2 minutes
Leetcode 1641
Count Sorted Vowel Strings
Count Sorted Vowel Strings
Head on over here to try the problem for yourself.
Hint says back-tracking, solutions say dynamic programming 😅.
Back-tracking
Algorithm
The goal is to get all sorted combinations of the vowels for a string of length n
. I set up a count
variable outside the functions to ensure it stays out of scope for all the recursive calls. The helper()
function recieves the previous index and remaining charaters. helper()

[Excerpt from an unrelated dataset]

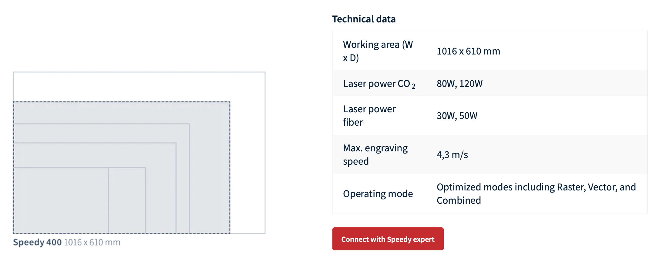 The vendor's website lists the parameters of this model:

loops till 4 (because there are 5 vowels). Everytime, n==0
, increment counter
.
Code
public class solution {
int count = 0;
public int countVowelStrings(int n) {
helper(n,0);
return count;
}
public void helper(int n, int index) {
if(n <= 0) {
count++;
return;
}
for(; index < 5; index++) {
helper(n - 1, index);
// index not decremented because same
// letters are valid
}
}
}
Dynamic Programming
Algorithm
The following pattern explains the intuition behind this approach.
a | e | i | o | u | |
---|---|---|---|---|---|
n = 1 | 1 | 1 | 1 | 1 | |
n = 2 | 5 | 4 | 3 | 2 | 1 |
n = 3 | 15 | 10 | 6 | 3 | 1 |
: |
The last string will always be uuuu.. n times
. Every other string will occur count of previous + count of next.
Code
public int countVowelStrings(int n) {
int[] store = new int[5];
for(int i = 0; i < store.length; i++)
store[i] = 1;
// This is the base condition when n = 1
// so we check for n > 1 in the while
while(n-- > 1) {
for(int i = 3; i >= 0; i--) {
store[i] += store[i+1];
// follow the pattern :)
// i was giving i-1 and
// was really confused
}
}
int result = 0;
for(int i = 0; i < store.length; i++)
result += store[i];
return result;
}